Siegrist David, Pavlin J
Potomac Institute for Policy Studies, 901 N. Stuart Street, Suite 200, Arlington, Virginia 22203, USA.
MMWR Suppl. 2004 Sep 24;53:152-8.
Early detection of disease outbreaks by a medical biosurveillance system relies on two major components: 1) the contribution of early and reliable data sources and 2) the sensitivity, specificity, and timeliness of biosurveillance detection algorithms. This paper describes an effort to assess leading detection algorithms by arranging a common challenge problem and providing a common data set.
The objectives of this study were to determine whether automated detection algorithms can reliably and quickly identify the onset of natural disease outbreaks that are surrogates for possible terrorist pathogen releases, and do so at acceptable false-alert rates (e.g., once every 2-6 weeks).
Historic de-identified data were obtained from five metropolitan areas over 23 months; these data included International Classification of Diseases, Ninth Revision (ICD-9) codes related to respiratory and gastrointestinal illness syndromes. An outbreak detection group identified and labeled two natural disease outbreaks in these data and provided them to analysts for training of detection algorithms. All outbreaks in the remaining test data were identified but not revealed to the detection groups until after their analyses. The algorithms established a probability of outbreak for each day's counts. The probability of outbreak was assessed as an "actual" alert for different false-alert rates.
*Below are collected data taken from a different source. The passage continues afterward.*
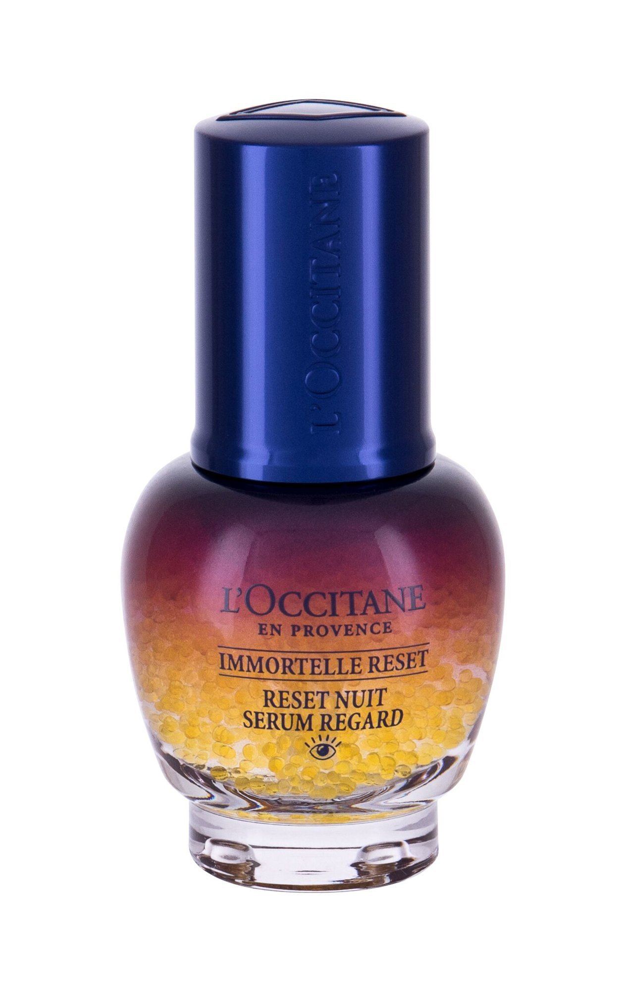 Obnovující noční oční sérum L'Occitane Immortelle Reset Overnight noc po noci navrací vašemu očnímu okolí mladistvý vzhled.Jak vám pomůže olejové noční sérum Slaměnka od L'Occitane?efektivně obnovuje pokožku a podporuje její regeneraci,redukuje známky stárnutí i známky stresu a únavy,po...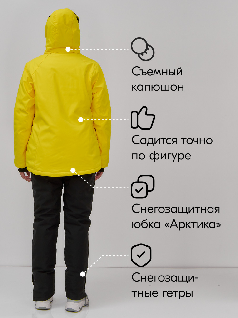 • Утягивающий фиксатор на молнии и снегозащитные гамаши с антискользящей резинкой гарантируют защиту от снега.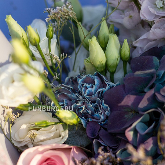 Состав: Гортензия, Сортовая гвоздика (диантус), Дельфиниум, Эустома, Розы (50-60 см), Лимониум, Эвкалипт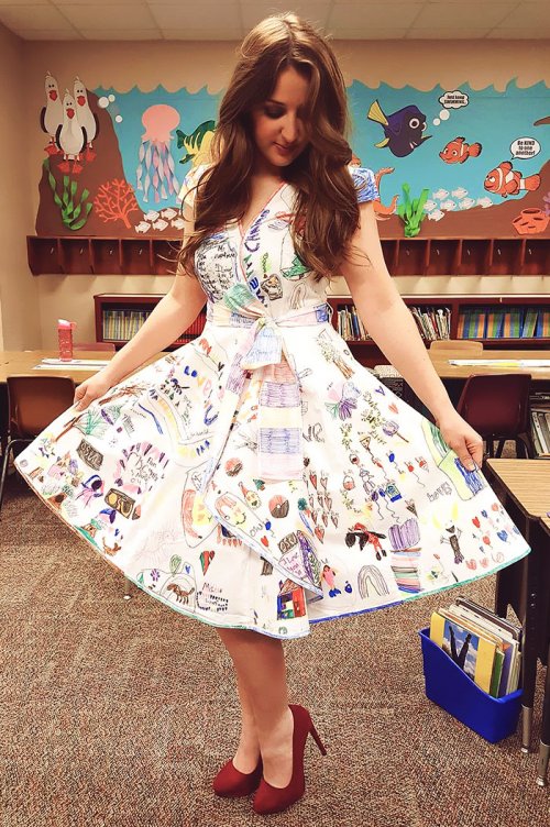 Именно так случилось с Хейли Кёрфман (Haley Curfman), учительницей 2-го класса в Блэквелле (Blackwell), штат Оклахома, США. Она купила красивое белое платье, принесла его в класс и попросила своих учеников разрисовать его.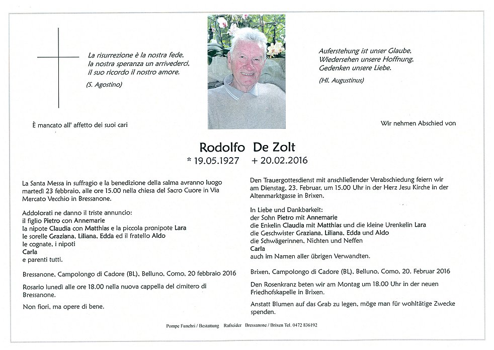 Den Trauergottesdienst mit anschließender Verabschiedung feiern wir am Dienstag, 23. Februar, um 15 Uhr in der Herz Jesu Kirche in der Altenmarktgasse in Brixen.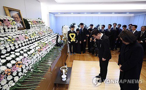 (서울=연합뉴스) 한상균 기자 = 이재명 대통령과 김혜경 여사가 27일 서울 종로구 서울대병원 장례식장 이해찬 전 총리 빈소를 찾아 영정을 향해 묵념하고 있다. 2026.1.27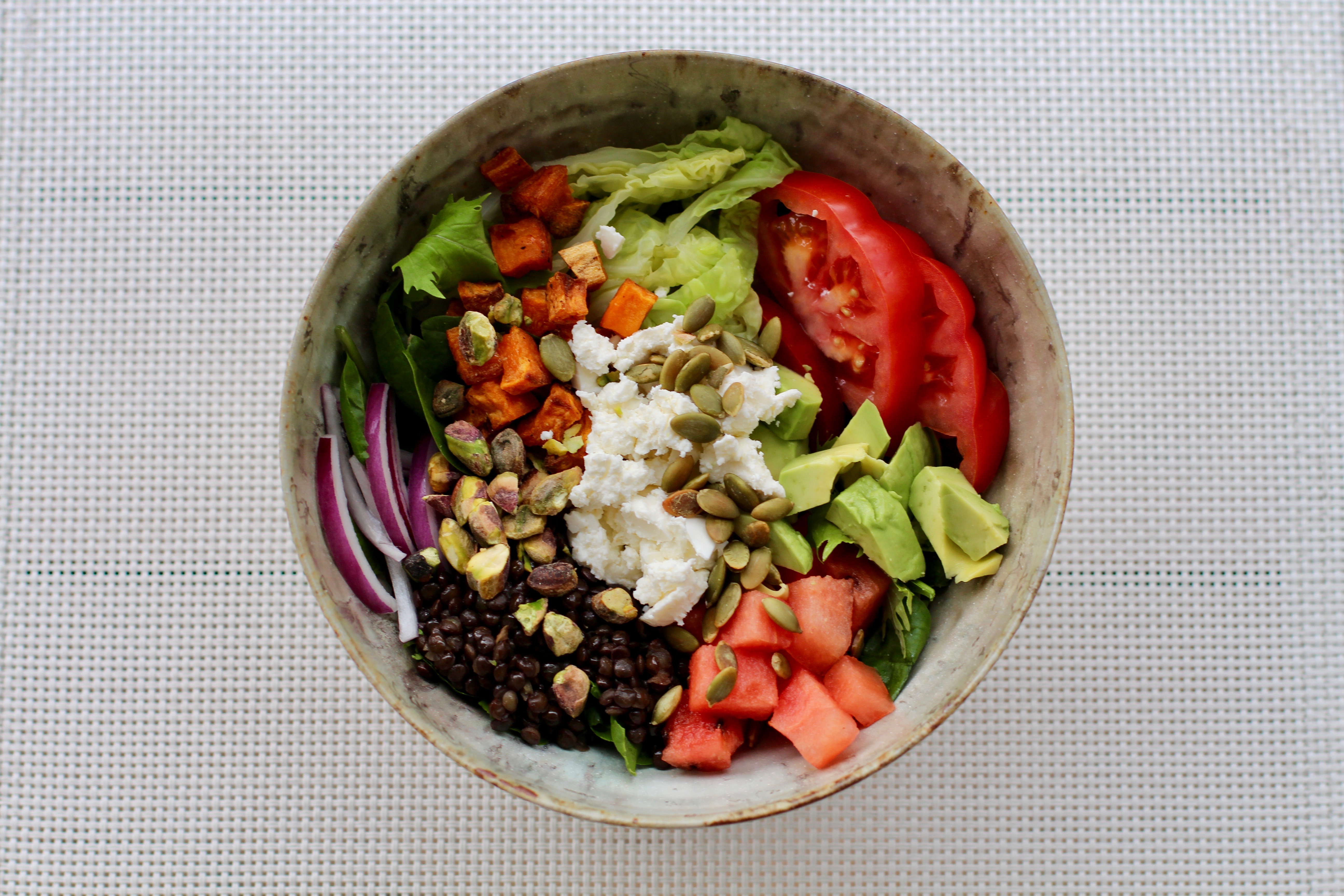 Buddha bowl er betegnelsen på en bolle fylt med et utvalg av proteiner, grønnsaker, korn, frø og dressing. Her har jeg laget en deilig versjon for Apetina hvor jeg har brukt puylinser og ovnsbakt søtpotet for å få litt substans i retten.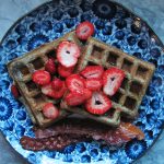 So tasty (especially with strawberries and maple syrup!). Borrowed from ‘Let’s Stay In’, by Ashley Rodriguez, this is another recipe that should just be automatically doubled – it barely made 3 (x4) waffles in our waffle maker – and remember….just about any breakfast is better with bacon – enjoy!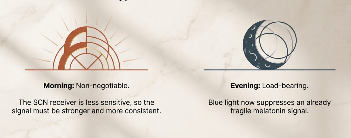 But the system receiving that signal has less internal resilience than it used to have. The clock has lost some of its oestrogenic support, which means the external signals you’re providing are having to carry more of the stabilising load. The threshold for what counts as ‘sufficient’ has moved.

The best algorithms were able to detect all of the outbreaks at false-alert rates of one every 2-6 weeks. They were often able to detect for the same day human investigators had identified as the true start of the outbreak.
Because minimal data exists for an actual biologic attack, determining how quickly an algorithm might detect such an attack is difficult. However, application of these algorithms in combination with other data-analysis methods to historic outbreak data indicates that biosurveillance techniques for analyzing syndrome counts can rapidly detect seasonal respiratory and gastrointestinal illness outbreaks. Further research is needed to assess the value of electronic data sources for predictive detection. In addition, simulations need to be developed and implemented to better characterize the size and type of biologic attack that can be detected by current methods by challenging them under different projected operational conditions.
医疗生物监测系统对疾病爆发的早期检测依赖于两个主要组成部分:1)早期且可靠的数据来源的贡献,以及2)生物监测检测算法的敏感性、特异性和及时性。本文描述了通过安排一个常见的挑战问题并提供一个通用数据集来评估领先检测算法的工作。
本研究的目标是确定自动化检测算法是否能够可靠且快速地识别作为可能的恐怖病原体释放替代物的自然疾病爆发的开始,并以可接受的误报率(例如,每2 - 6周一次)做到这一点。
从五个大都市地区在23个月内获取了去识别化的历史数据;这些数据包括与呼吸道和胃肠道疾病综合征相关的国际疾病分类第九版(ICD - 9)编码。一个爆发检测小组在这些数据中识别并标记了两起自然疾病爆发,并将它们提供给分析人员用于检测算法的训练。其余测试数据中的所有爆发都被识别出来,但在分析完成之前不会向检测小组透露。算法为每天的计数建立爆发概率。爆发概率被评估为针对不同误报率的“实际”警报。
最佳算法能够以每2 - 6周一次的误报率检测到所有爆发。它们通常能够在人类调查人员确定为爆发真正开始的同一天检测到。
由于实际生物攻击的可用数据极少,很难确定算法能多快检测到这种攻击。然而,将这些算法与其他数据分析方法结合应用于历史爆发数据表明,用于分析综合征计数的生物监测技术可以快速检测季节性呼吸道和胃肠道疾病爆发。需要进一步研究来评估电子数据源在预测检测方面的价值。此外,需要开发并实施模拟,以通过在不同预计运行条件下对当前方法进行挑战,更好地描述当前方法能够检测到的生物攻击的规模和类型。